The lines running from the one that contains "Elevate your space" to the end of the records below are what to reproduce, exactly and without pictures.

=== Extracted data entries ===
- - -

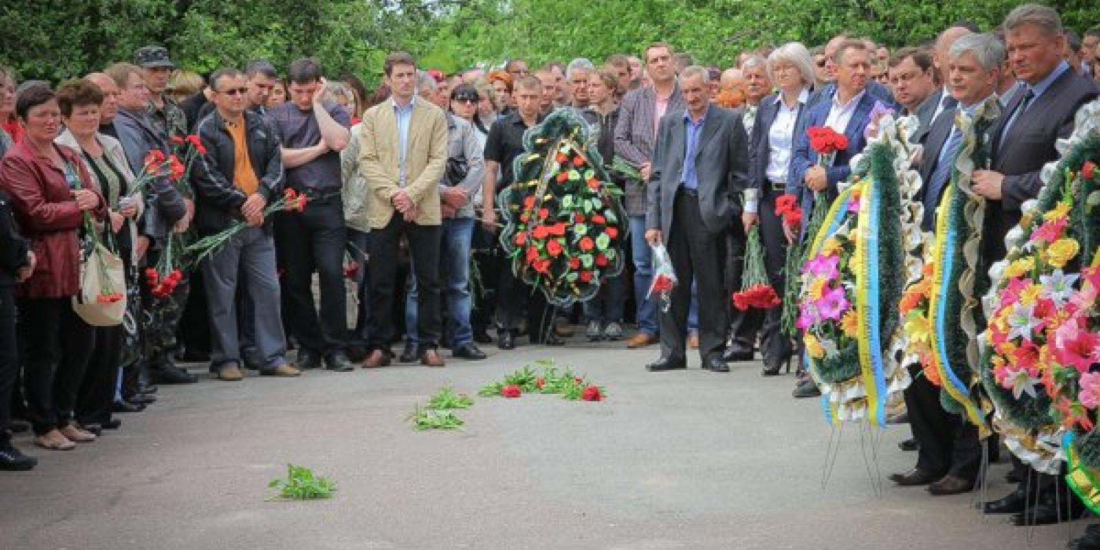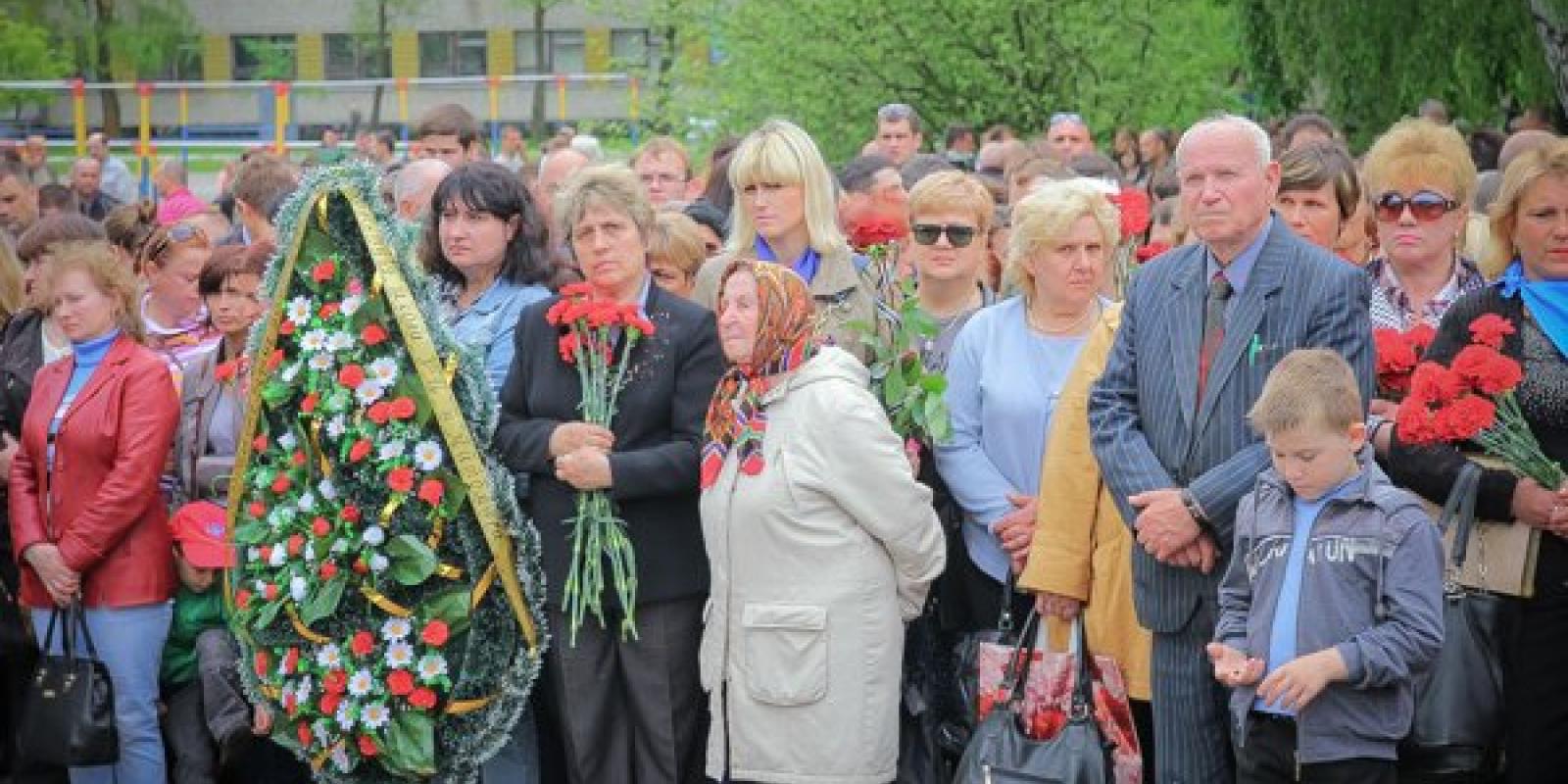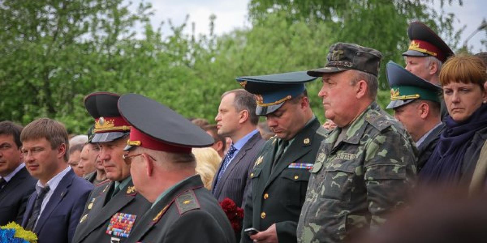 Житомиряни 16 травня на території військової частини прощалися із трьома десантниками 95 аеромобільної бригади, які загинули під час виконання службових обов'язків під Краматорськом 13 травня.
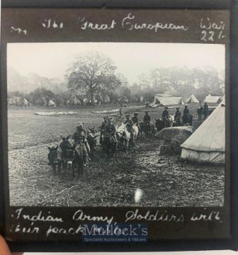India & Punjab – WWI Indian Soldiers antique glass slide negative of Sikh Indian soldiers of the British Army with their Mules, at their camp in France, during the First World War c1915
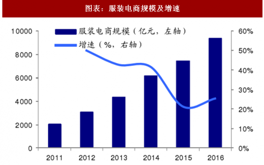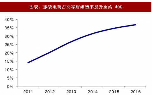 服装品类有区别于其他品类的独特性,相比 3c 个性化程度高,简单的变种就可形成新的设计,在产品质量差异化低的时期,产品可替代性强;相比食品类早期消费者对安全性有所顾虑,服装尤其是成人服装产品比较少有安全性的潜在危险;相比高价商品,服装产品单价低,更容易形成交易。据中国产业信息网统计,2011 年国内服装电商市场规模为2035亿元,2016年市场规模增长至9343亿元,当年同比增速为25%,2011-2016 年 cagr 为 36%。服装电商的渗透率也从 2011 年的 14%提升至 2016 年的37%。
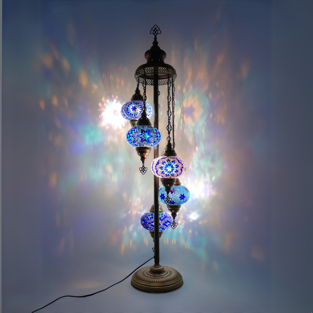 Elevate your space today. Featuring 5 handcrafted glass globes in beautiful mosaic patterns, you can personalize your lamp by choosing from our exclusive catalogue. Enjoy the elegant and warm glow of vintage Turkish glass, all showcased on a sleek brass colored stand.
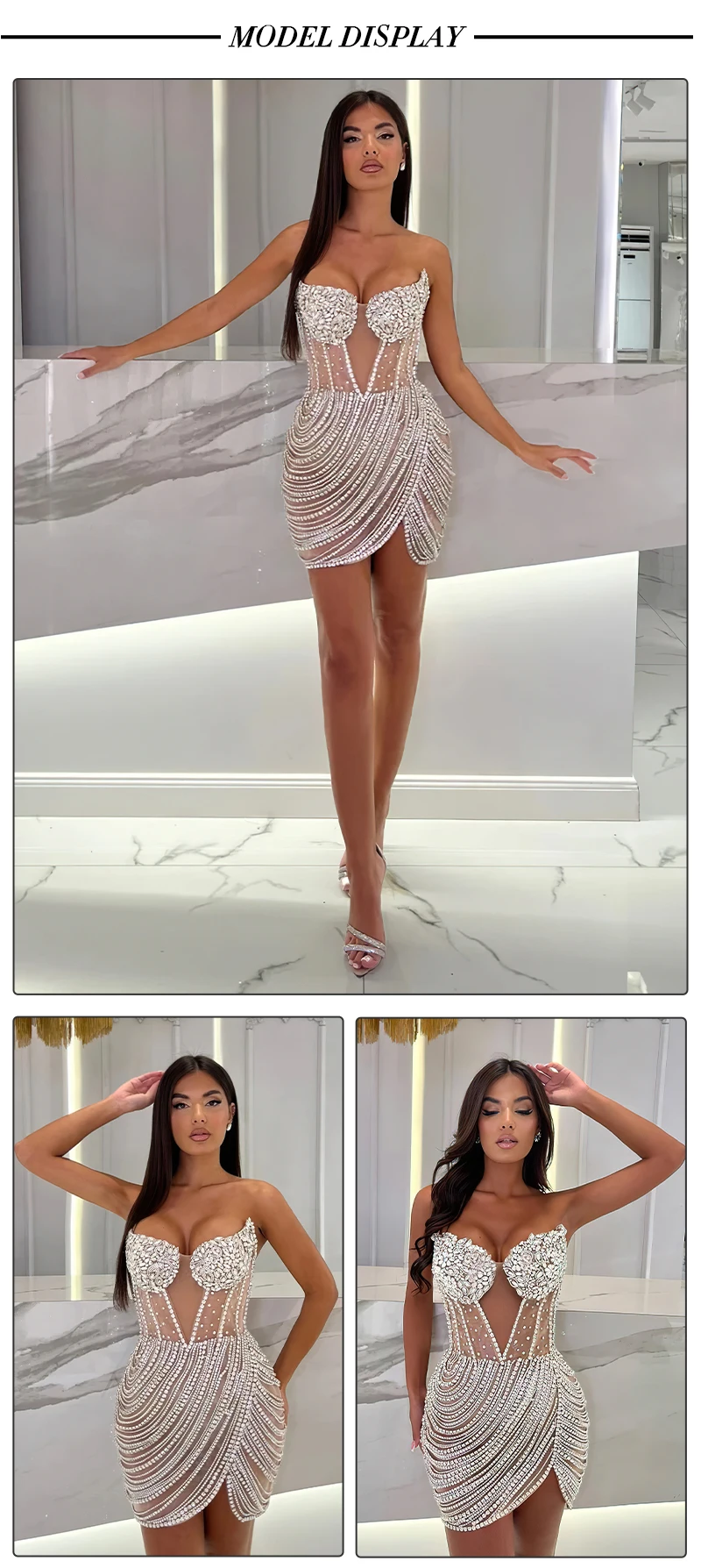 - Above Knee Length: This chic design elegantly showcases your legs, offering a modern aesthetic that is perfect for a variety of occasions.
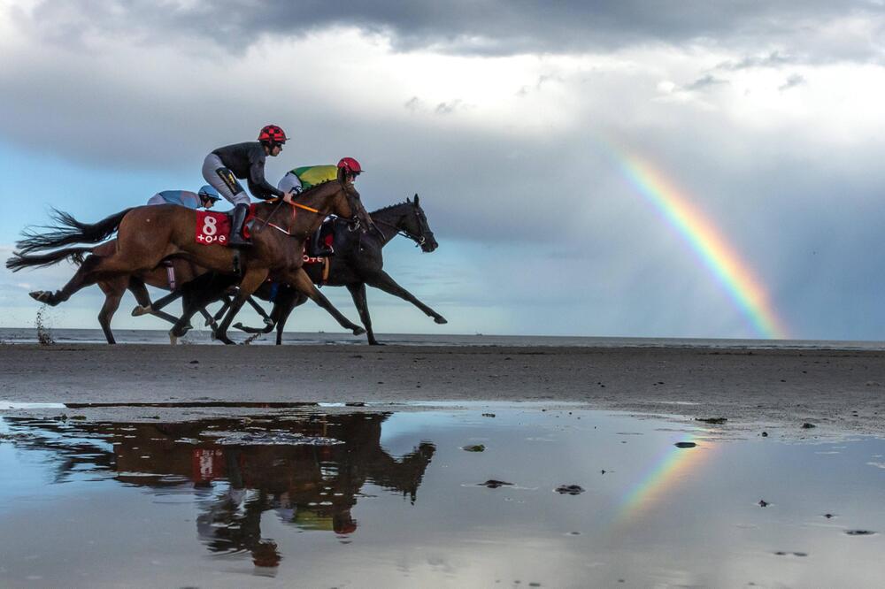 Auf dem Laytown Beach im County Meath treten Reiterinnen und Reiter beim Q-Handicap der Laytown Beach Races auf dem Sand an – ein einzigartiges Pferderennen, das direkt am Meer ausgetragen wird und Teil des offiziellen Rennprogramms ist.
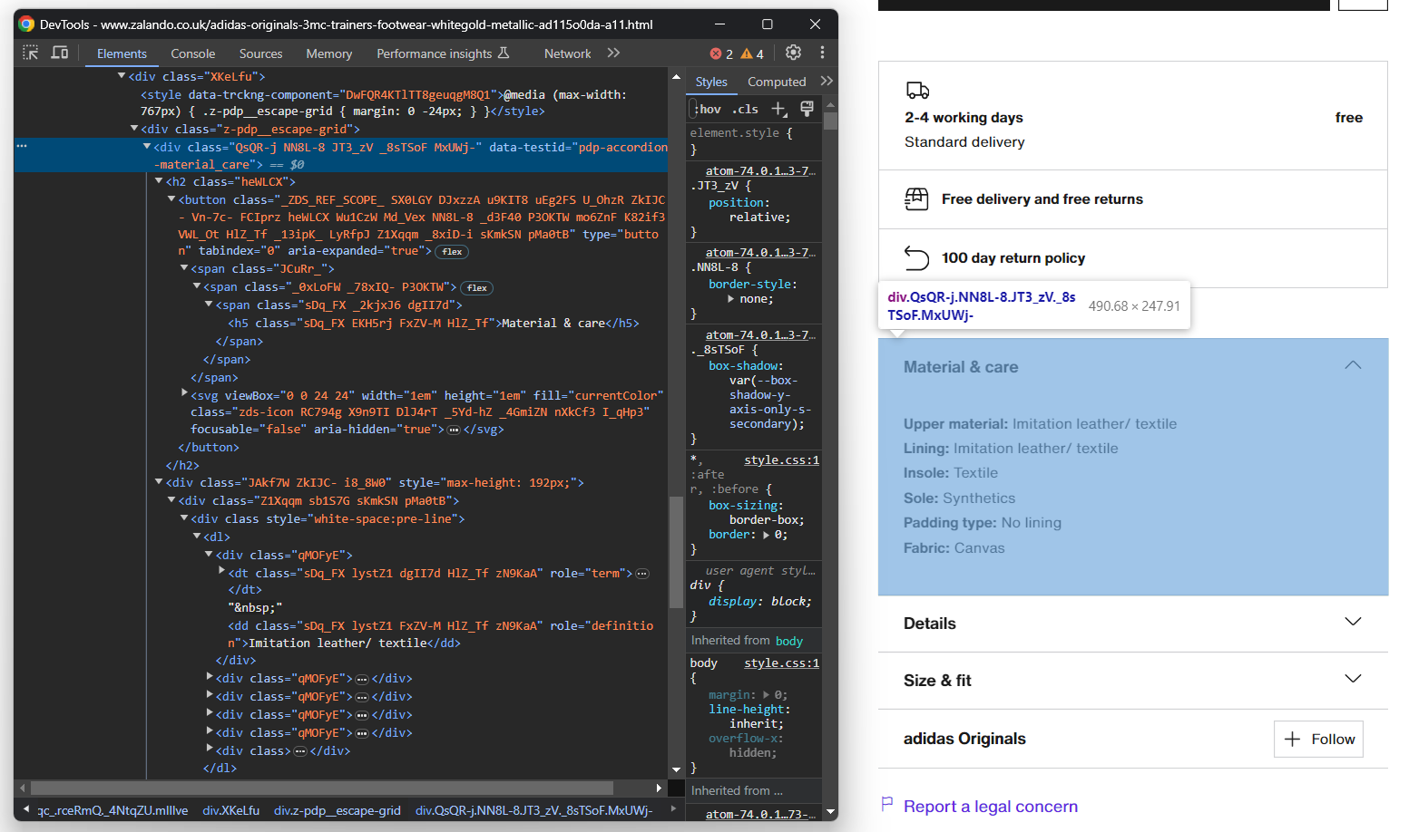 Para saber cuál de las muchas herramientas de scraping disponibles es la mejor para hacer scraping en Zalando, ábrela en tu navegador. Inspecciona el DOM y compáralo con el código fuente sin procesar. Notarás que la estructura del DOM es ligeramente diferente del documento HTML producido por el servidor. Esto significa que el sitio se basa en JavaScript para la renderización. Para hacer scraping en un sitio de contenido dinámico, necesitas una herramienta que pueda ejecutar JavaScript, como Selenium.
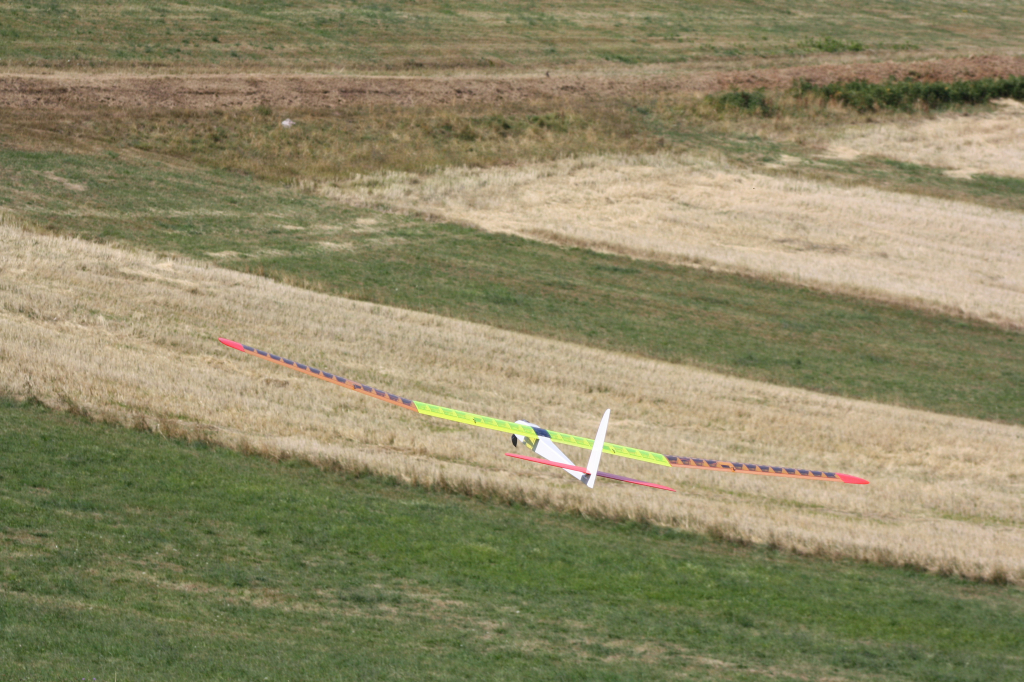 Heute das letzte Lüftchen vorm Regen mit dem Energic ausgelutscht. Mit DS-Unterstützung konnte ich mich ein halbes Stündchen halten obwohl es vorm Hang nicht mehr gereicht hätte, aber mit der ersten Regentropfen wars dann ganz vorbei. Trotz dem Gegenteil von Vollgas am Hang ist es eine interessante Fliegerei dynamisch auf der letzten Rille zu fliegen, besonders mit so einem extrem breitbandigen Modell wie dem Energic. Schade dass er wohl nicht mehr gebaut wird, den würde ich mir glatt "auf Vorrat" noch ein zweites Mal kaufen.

- - -

=== RESPONSE AREA ===
 Elevate your space today. Featuring 5 handcrafted glass globes in beautiful mosaic patterns, you can personalize your lamp by choosing from our exclusive catalogue. Enjoy the elegant and warm glow of vintage Turkish glass, all showcased on a sleek brass colored stand.
 - Above Knee Length: This chic design elegantly showcases your legs, offering a modern aesthetic that is perfect for a variety of occasions.
 Auf dem Laytown Beach im County Meath treten Reiterinnen und Reiter beim Q-Handicap der Laytown Beach Races auf dem Sand an – ein einzigartiges Pferderennen, das direkt am Meer ausgetragen wird und Teil des offiziellen Rennprogramms ist.
 Para saber cuál de las muchas herramientas de scraping disponibles es la mejor para hacer scraping en Zalando, ábrela en tu navegador. Inspecciona el DOM y compáralo con el código fuente sin procesar. Notarás que la estructura del DOM es ligeramente diferente del documento HTML producido por el servidor. Esto significa que el sitio se basa en JavaScript para la renderización. Para hacer scraping en un sitio de contenido dinámico, necesitas una herramienta que pueda ejecutar JavaScript, como Selenium.
 Heute das letzte Lüftchen vorm Regen mit dem Energic ausgelutscht. Mit DS-Unterstützung konnte ich mich ein halbes Stündchen halten obwohl es vorm Hang nicht mehr gereicht hätte, aber mit der ersten Regentropfen wars dann ganz vorbei. Trotz dem Gegenteil von Vollgas am Hang ist es eine interessante Fliegerei dynamisch auf der letzten Rille zu fliegen, besonders mit so einem extrem breitbandigen Modell wie dem Energic. Schade dass er wohl nicht mehr gebaut wird, den würde ich mir glatt "auf Vorrat" noch ein zweites Mal kaufen.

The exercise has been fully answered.